American ice hockey player

William Hamilton Lindsay (born May 17, 1971) is an American former professional ice hockey player. He played in the National Hockey League (NHL) for the Quebec Nordiques, Florida Panthers, Calgary Flames, San Jose Sharks, Montreal Canadiens and the Atlanta Thrashers. He was drafted 103rd overall by the Nordiques in the 1991 NHL entry draft.

==Playing career==
Lindsay played in 777 NHL regular season games, scoring 83 goals and 141 assists for 224 points and picking up 922 penalty minutes. On Saturday, April 27, 1996 Lindsay scored the winning goal to give the Panthers their first-ever playoff series victory.
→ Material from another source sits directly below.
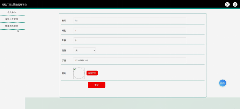 个人中心,在个人中心页面通过填写账号、姓名、年龄、性别、手机、照片等内容并提交进行个人信息修改操作,如图5-9所示。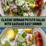 A classic German-inspired Potato Sausage Salad combining tender waxy potatoes and crunchy pickled cucumbers with a tangy mustard-mayo dressing, served alongside warm bockwurst sausages for a hearty and flavorful meal.

The Florida Panthers eventually made it all the way to the Stanley Cup finals in the 1995–96 NHL season, losing to the Colorado Avalanche in four games. Lindsay was also a part of the Hamilton Bulldogs team that made it all the way to the Calder Cup finals in 2003 but then lost to the Houston Aeros in a seven game series by a score of 4–3.

Lindsay suffered a life-threatening throat injury in what proved to be his final NHL game on January 3, 2004.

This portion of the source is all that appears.